In the debate which has ensued since the federal government decided not to continue with the French submarine contract, it has become increasingly apparent the general public is wiser than anyone about what’s best for this country.
The tide of opinion is not only for nuclear, but for nuclear now.
Talk that Australia will get nuclear attack boats in 10 or 20 years is widely seen as ridiculous. Talk that they will be built here is also seen as foolish. We have spent $2.4bn on the French project and got precisely nothing – no plan, and no submarine. What the general public wants is the deterrent of the most effective submarines right away.
That the western Pacific is a potential battlespace is obvious. Obvious too is the fact that a deterrent of nuclear submarines, submerged once they leave port, would be the best bet for this country. This is the right way to bolster a defence force left neglected for far too long.
So what to do? There are two solutions available, and money will solve the problem. Ironically it would be a lot less than the $150 billion the French contract would have cost, only to give us inferior diesel-electric vessels in a decade and more. The answer lies in injecting cash into the production lines of either the Astute or the Virginia hunter-killer submarines being built by Britain and the USA.
These are the best boats to buy. They have a proven pedigree from two of the best navies on the planet. They are both in production now. Defence Minister Dutton – the most decisive defence minister we have had in decades – could and should take the national chequebook over to our allies, and ask nicely for the production lines to be paralleled or speeded up. And we’d like the first one in a year, not a decade.
Which to buy? Both have proven pedigrees, unlike the weird concept of having the French take an existing nuclear submarine, rip the engines out, and instead install diesels and batteries; fuel tanks and snort masts. The Virginias and Astutes are nuclear boats designed to go deep and stay there, and once they leave port not to come up to run engines to recharge batteries – the diesel-electric concept of “snorting” born in World War II. Nuclear vessels stay down, and their deterrence increases by the day as they do, for the enemy does not know where they are, and must guard his ports and his surface vessels accordingly, thus slowly constricting his own operations for fear of sudden attack out of the depths.
A glance at the figures is instructive.
Given the smaller size of the Astute, and the need for the Royal Australian Navy to transition out of the smaller Collins-class it operates at present, the British option presents attraction there. It’s also less expensive.
However, these days we train and fight more with the Americans. It has been that way since World War II, since both of us have the Pacific as our main interest. Better to have commonality with our main ally.

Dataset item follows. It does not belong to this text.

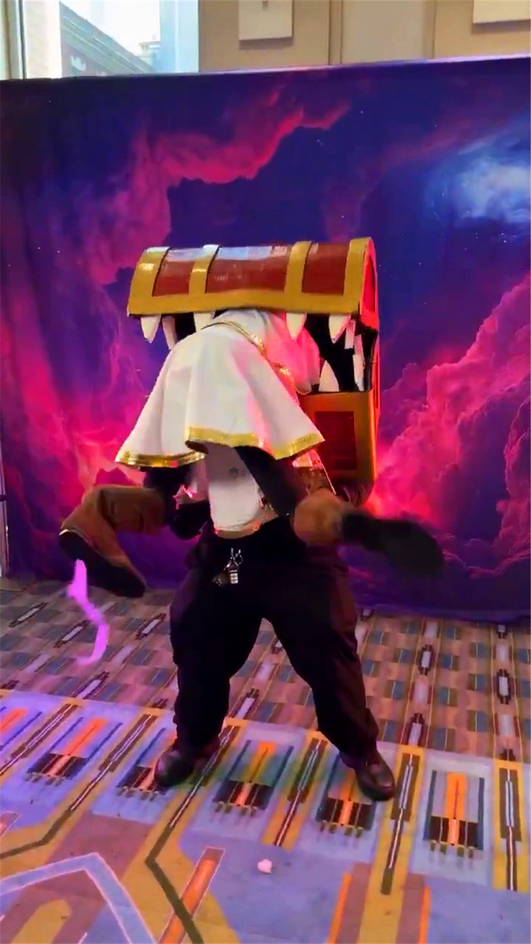 原来这是一个人假扮的,他上半身穿着宝箱怪造型的衣服,通过脑袋的伸缩控制宝箱的开合。那芙莉莲是抱着他吗?这也太累了吧?不对!“芙莉莲”的下半身应该也是制作的道具,而并非某个人。Coser的手与“芙莉莲”的膝盖接触,可以操作,还原双腿在外面乱蹬的经典动作。换句话来说,他独自一个人就完美Cos了《葬送的芙莉莲》宝箱怪名场面,且是可随时移动版的!

The British Astutes have been individually produced over around 10 years, from “laying down” a keel to being in the water in service. The Virginias are much faster into ready use, at three or sometimes even two years. Rumours fly thick and fast in this debate, with one arguing the Americans “need” all of their vessels. But with a much bigger US class of 66 under construction as opposed to seven British boats that might be less likely than not. Maybe we could ask for USS Iowa of the present six on the slips – not so much to elbow into the queue as inquire if the speed can be increased to satisfy both US and Australian navies. Then again, an Aussie politician lugging a chest of gold behind him might well speed up a British assembly line.

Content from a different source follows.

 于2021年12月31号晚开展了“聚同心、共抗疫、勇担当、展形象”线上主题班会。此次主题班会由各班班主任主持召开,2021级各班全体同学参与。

The idea that defence force build processes are slow isn’t necessarily true, although the build process for the French submarines was laughable. Announced in 2016, not a metre of steel had been cut when they were cancelled five years later. Perhaps the most admirable naval build record of all time was the construction of the mighty HMS Dreadnought, the battleship that revolutionized naval thinking prior to the Great War. Laid down in 1905, only 15 months later this 527 foot 18,000 ton monster was sailing. The British public had demanded “eight, and we won’t wait” – so should we. Other feats of naval engineering show mighty achievements may be made. The Kreigsmarine – the German Navy – of WWII, had 1,156 submarines built through the war years. The US Navy, following the Battle of the Coral Sea, had the aircraft carrier USS Yorktown repaired over several days for the coming fight at Midway – a fix that had been estimated at three months. The Australian public should not be told that we can’t have nuclear submarines quickly.
Although the Virginia is the preferred design, at least for this writer, we should go with whoever can give us nuclear boats the faster. We need to go and ask whichever government – and whichever company – will get us in the sea sooner. For we are in a situation now where we need deterrence if we don’t want to fight. Sun Tsu said the greatest victory is that which requires no battle. Knowing there were two to three Australian nuclear attack submarines possibly lurking off your coast would certainly make an aggressor think in terms of peace. For Tomahawks, the best cruise missile there is, attack targets on the land as well as at sea.
Dr Tom Lewis OAM is a military historian. His 2020 book Atomic Salvation has proved the necessity of using the A-Bombs in WWII, and his recent biography of Teddy Sheean VC has received critical acclaim.